Para acomodar a ligação de múltiplos fatores de transcrição, os promotores


eucarióticos são necessariamente mais complicados do que as suas contrapartidas
bacterianas (Figura 21-3). Tomemos, por exemplo, um promotor típico reconhecido
pela RNA-polimerase II (Pol II), a enzima responsável pela síntese de mRNA. Muitos
promotores de Pol II (mas nem todos) incluem as sequências de um TATA box e um Inr
(iniciador), com seus espaçamentos-padrão. Essas sequências compreendem o
promotor central.

Os genes eucarióticos também incluem sequências reguladoras denominadas


estimuladores em eucariotos superiores e sequências ativadoras a montante (UASs)
em levedura, nas quais ativadores transcricionais se ligam. Essas sequências não
podem estar todas posicionadas de forma adjacente ao promotor – simplesmente não
existe espaço para acomodar a ligação de tantas proteínas reguladoras. Os sítios de
ligação para múltiplos fatores de transcrição devem ser capazes de agir a distância.
De fato, talvez estejam surpreendentemente distantes do promotor. Um estimulador
típico pode estar a centenas ou até mesmo milhares de pares de bases a montante do
sítio de início de transcrição, ou a jusante do gene, ou mesmo dentro do próprio gene.
Quando ligado pelas proteínas reguladoras apropriadas, um estimulador aumenta a
transcrição de promotores próximos independentemente de sua orientação no DNA.
UASs de levedura funcionam de forma similar, ainda que em geral devam estar
posicionados a montante e dentro de poucas centenas de pares de bases do sítio de
início de transcrição. Um promotor de Pol II médio pode ser afetado por meia dúzia de
sequências reguladoras deste tipo, e mesmo promotores mais complexos são comuns.
Em contraste, as bactérias possuem poucos genes que utilizam ativadores
transcricionais ligados distantemente, e, quando o fazem, a distância em relação ao
promotor costuma ser bastante curta.

Quanto mais complexo for o organismo eucariótico, provavelmente mais


complexos serão seus promotores. Por exemplo, promotores de levedura costumam
ser muito mais simples do que aqueles de mamíferos (Figura 21-4).

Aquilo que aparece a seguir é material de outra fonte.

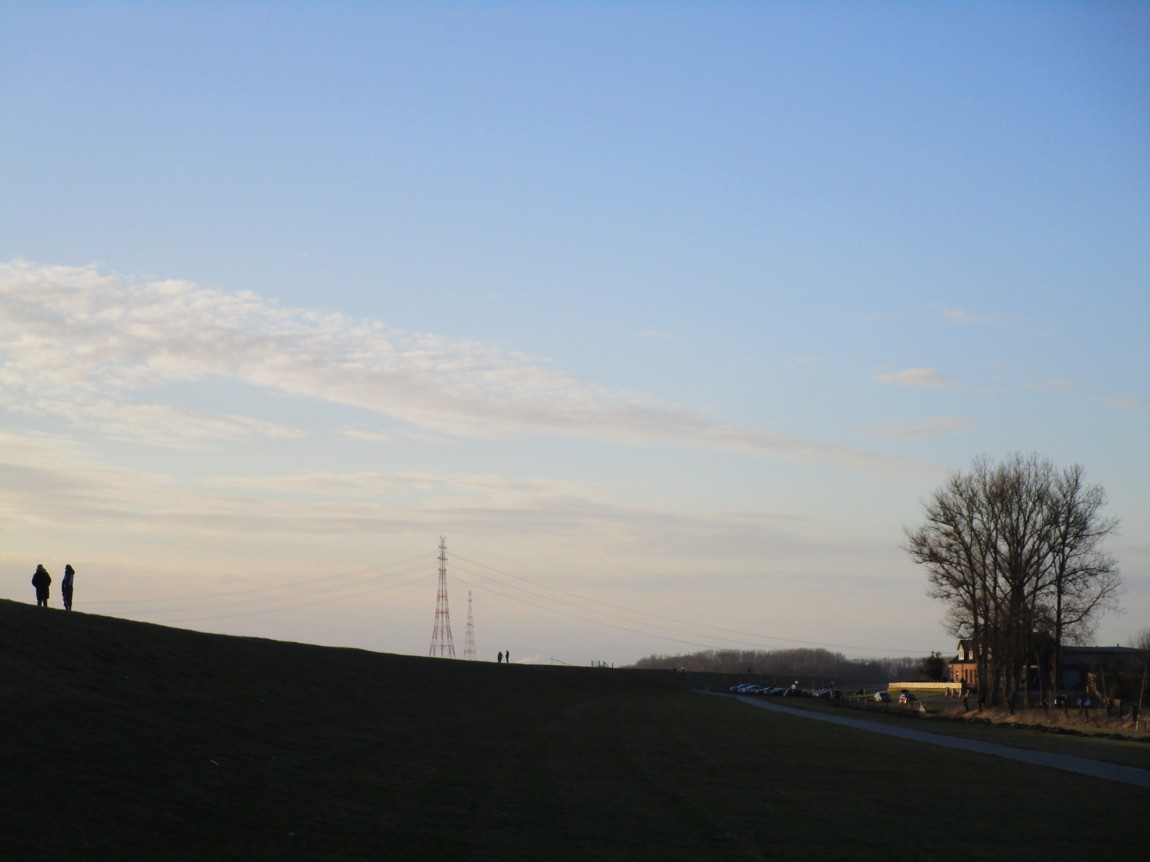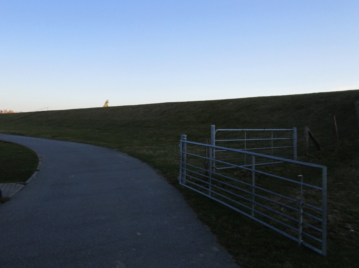 Sonnenuntergangs-Spotter auf dem Deich. – Der Drachen ist weg, wird wohl eingepackt, nachdem die Seile im Wind sortiert wurden.

A necessidade de ligação de vários ativadores de transcrição a várias


sequências de DNA específicas reduz muito a probabilidade de ocorrência aleatória de
uma justaposição funcional de todos os sítios de ligação necessários. Em princípio,
uma estratégia similar poderia ser utilizada para múltiplos elementos reguladores
negativos. Contudo, a regulação positiva é simplesmente mais eficiente. Do ponto de
vista energético, faz mais sentido para a célula sintetizar vários ativadores a fim de
promover a transcrição de um subconjunto de genes necessários em um dado
momento do que sintetizar constantemente um ou mais repressores para cada gene
do genoma a fim de mantê-los desligados até o momento em que serão necessários. A
regulação positiva da transcrição predomina em eucariotos, ainda que, como veremos,
existam alguns exemplos de regulação negativa.

Para aumentar a conservação de recursos, promotores eucarióticos regulados


diferentemente com frequência utilizam alguns dos mesmos reguladores proteicos, de
tal forma que promotores diversos podem conter alguns dos mesmos sítios de ligação.
Entretanto, apenas uma combinação específica de fatores reguladores pode destravar
um dado promotor e ativar a transcrição do respectivo gene. Com esse mecanismo, a
célula pode obter especificidade de regulação gênica com um menor número de
ativadores transcricionais do que se cada gene fosse regulado por um conjunto de
proteínas em particular. Algumas proteínas reguladoras facilitam a transcrição em
centenas de promotores, enquanto outras são específicas para somente poucos
promotores. Além disso, muitos ativadores transcricionais são sensíveis à ligação de
moléculas efetoras de sinalização, fornecendo a capacidade de ativar e desativar a
transcrição em resposta a um ambiente celular em mudança.